_HOW TO COMPLETE THIS TASK_
Transcribe this listing exactly; omit the pictures.

_DATA SECTION_
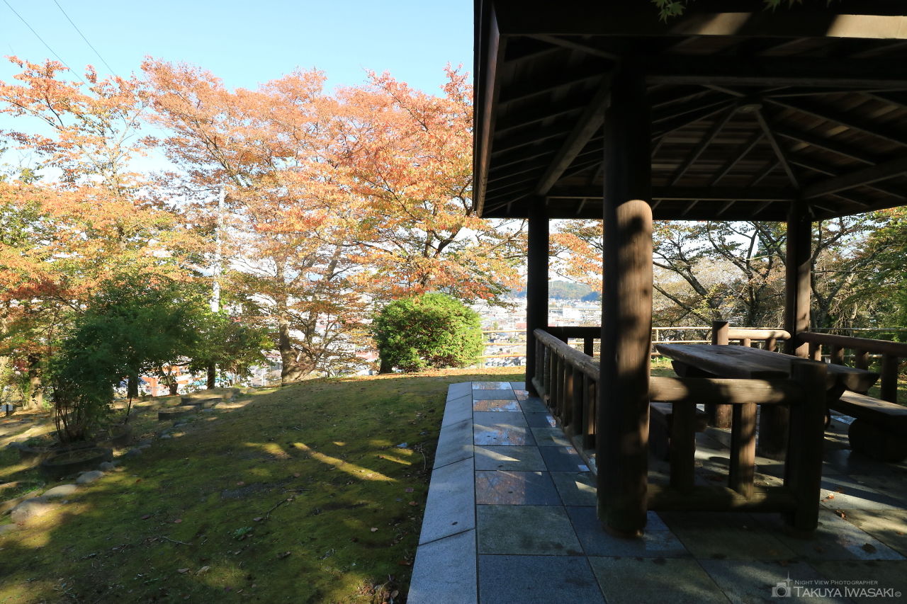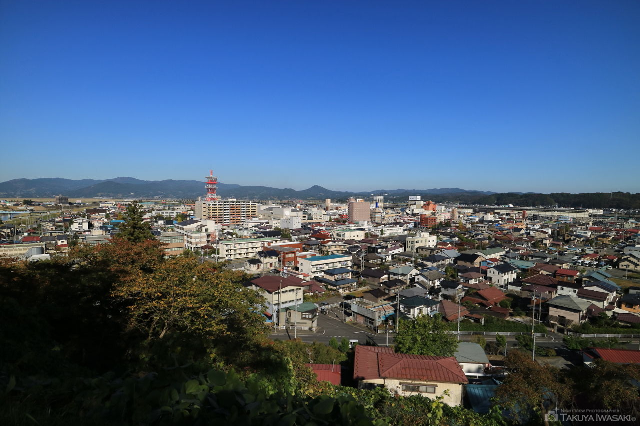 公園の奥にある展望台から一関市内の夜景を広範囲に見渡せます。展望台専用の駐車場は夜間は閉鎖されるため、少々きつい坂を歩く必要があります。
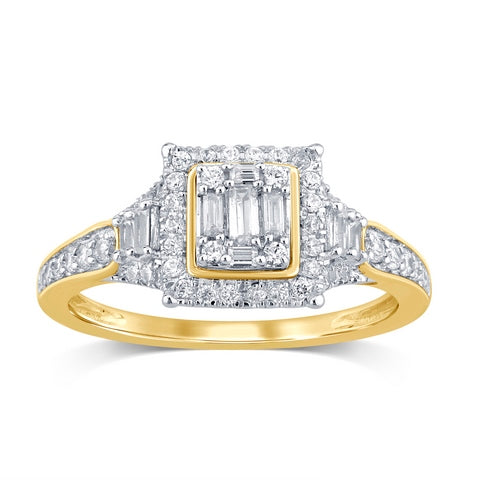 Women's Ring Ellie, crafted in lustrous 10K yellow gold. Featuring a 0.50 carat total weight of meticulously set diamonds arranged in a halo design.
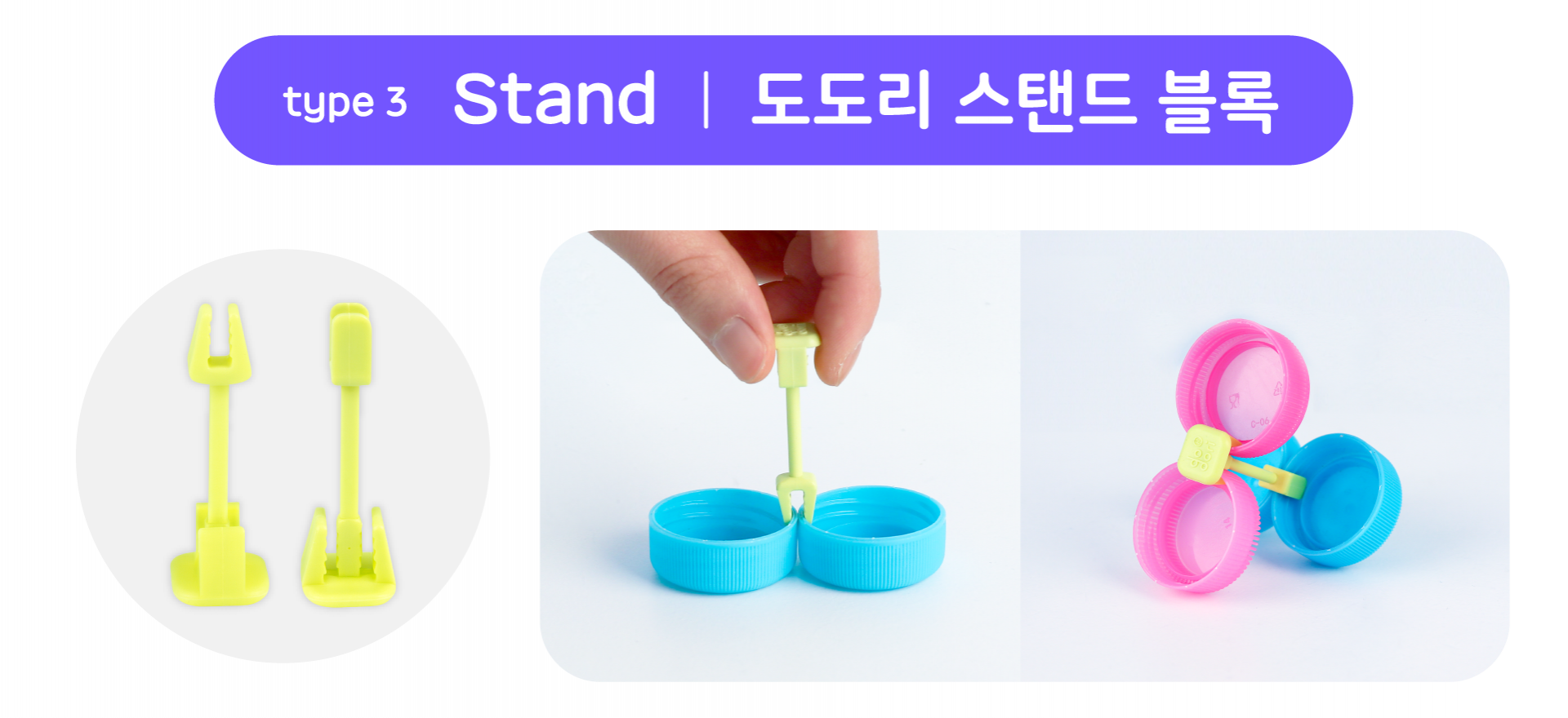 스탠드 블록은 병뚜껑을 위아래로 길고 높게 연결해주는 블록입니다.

_SOLUTION TO THIS TASK_
 公園の奥にある展望台から一関市内の夜景を広範囲に見渡せます。展望台専用の駐車場は夜間は閉鎖されるため、少々きつい坂を歩く必要があります。
 Women's Ring Ellie, crafted in lustrous 10K yellow gold. Featuring a 0.50 carat total weight of meticulously set diamonds arranged in a halo design.
 스탠드 블록은 병뚜껑을 위아래로 길고 높게 연결해주는 블록입니다.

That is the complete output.